Kwame Brown was cooked before he even had a chance. While the No. 1 pick of the 2001 NBA Draft can be blamed for a lot of missteps on his road to becoming one of the most notorious draft busts of all-time, the biggest (and most overlooked) factor in Kwame’s stunted NBA growth was that the expectations for him changed in between the night he was drafted and the night his rookie season began.
The problem? Michael Jordan the front-office exec decided to come back to the League as MJ the player.
When Jordan drafted Kwame to the Wizards, he was adding a teenage project to a young rebuilding squad. Pressure and expectations were low, as it was understood that the team and its high school-to-pros rookie needed time to develop. And the Wizards (plus the public) were willing to be patient. But then Jordan decided to play, and suddenly the Wizards had to become a team that would challenge for a playoff spot. The idea of Jordan playing for a Lottery team was ridiculous.

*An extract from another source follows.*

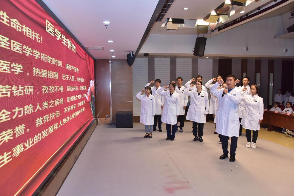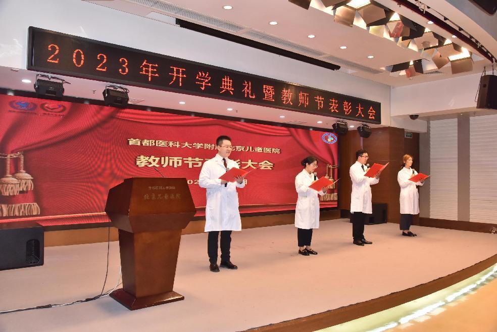 表彰环节后,2021级博士班李海艟带领大家重温医学誓言,担当“健康所系,性命相托”重任,树立为儿童健康事业奋斗的决心。儿科医学院学生代表献上祝福视频与诗朗诵节目,表达了对教师们的深情感谢、崇高敬意和真诚祝福,以及新学期开启新征程的美好祝愿。

So instead of being brought along slowly, Kwame in particular had to produce instant results. His leash got shorter, his mistakes became bigger. As chronicled in the book When Nothing Else Matters about Jordan’s comeback, MJ went from from being a nurturing mentor for Kwame to a hard-ass taskmaster. Once Jordan traded the suit for a jersey, he didn’t have the time or patience for Kwame to play like a high schooler.
Derrick Favors isn’t in danger of being the next Kwame Brown, but it’s looking like the No. 3 pick of the 2010 Draft will finish his rookie season closer to Hasheem Thabeet-level production than Blake Griffin numbers.

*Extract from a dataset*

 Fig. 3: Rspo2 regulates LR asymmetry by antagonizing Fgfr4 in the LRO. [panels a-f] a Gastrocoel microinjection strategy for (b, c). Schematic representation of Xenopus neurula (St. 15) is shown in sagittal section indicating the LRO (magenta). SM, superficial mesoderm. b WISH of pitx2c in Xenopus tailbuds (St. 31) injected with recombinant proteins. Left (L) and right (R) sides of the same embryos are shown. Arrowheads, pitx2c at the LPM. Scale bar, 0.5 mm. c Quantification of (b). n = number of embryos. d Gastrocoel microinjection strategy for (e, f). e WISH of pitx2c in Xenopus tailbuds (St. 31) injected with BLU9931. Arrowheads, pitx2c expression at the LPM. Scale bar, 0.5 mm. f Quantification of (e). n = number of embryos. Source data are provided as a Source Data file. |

Why? Because the New Jersey Nets are trying to win. Head coach Avery Johnson was brought in to rebuild a team that won just 12 games last year, but Avery is accustomed to winning, and through the early stages of New Jersey’s schedule, he’s showing signs of a coach who has put the youth movement on the backburner for more immediate results. Favors is playing 20 minutes a night, second-year wing Terrence Williams is playing 24 mpg, and rookie first-round pick Damion James has logged less than eight minutes per game.
Over the last three games, seventh-year veteran Kris Humphries has been starting at power forward, which is keeping Favors’ playing time down. Last night against the Clippers, Favors played just 17 minutes (6 pts, 4 rebs), while Humphries posted a double-double with 13 points and 12 boards.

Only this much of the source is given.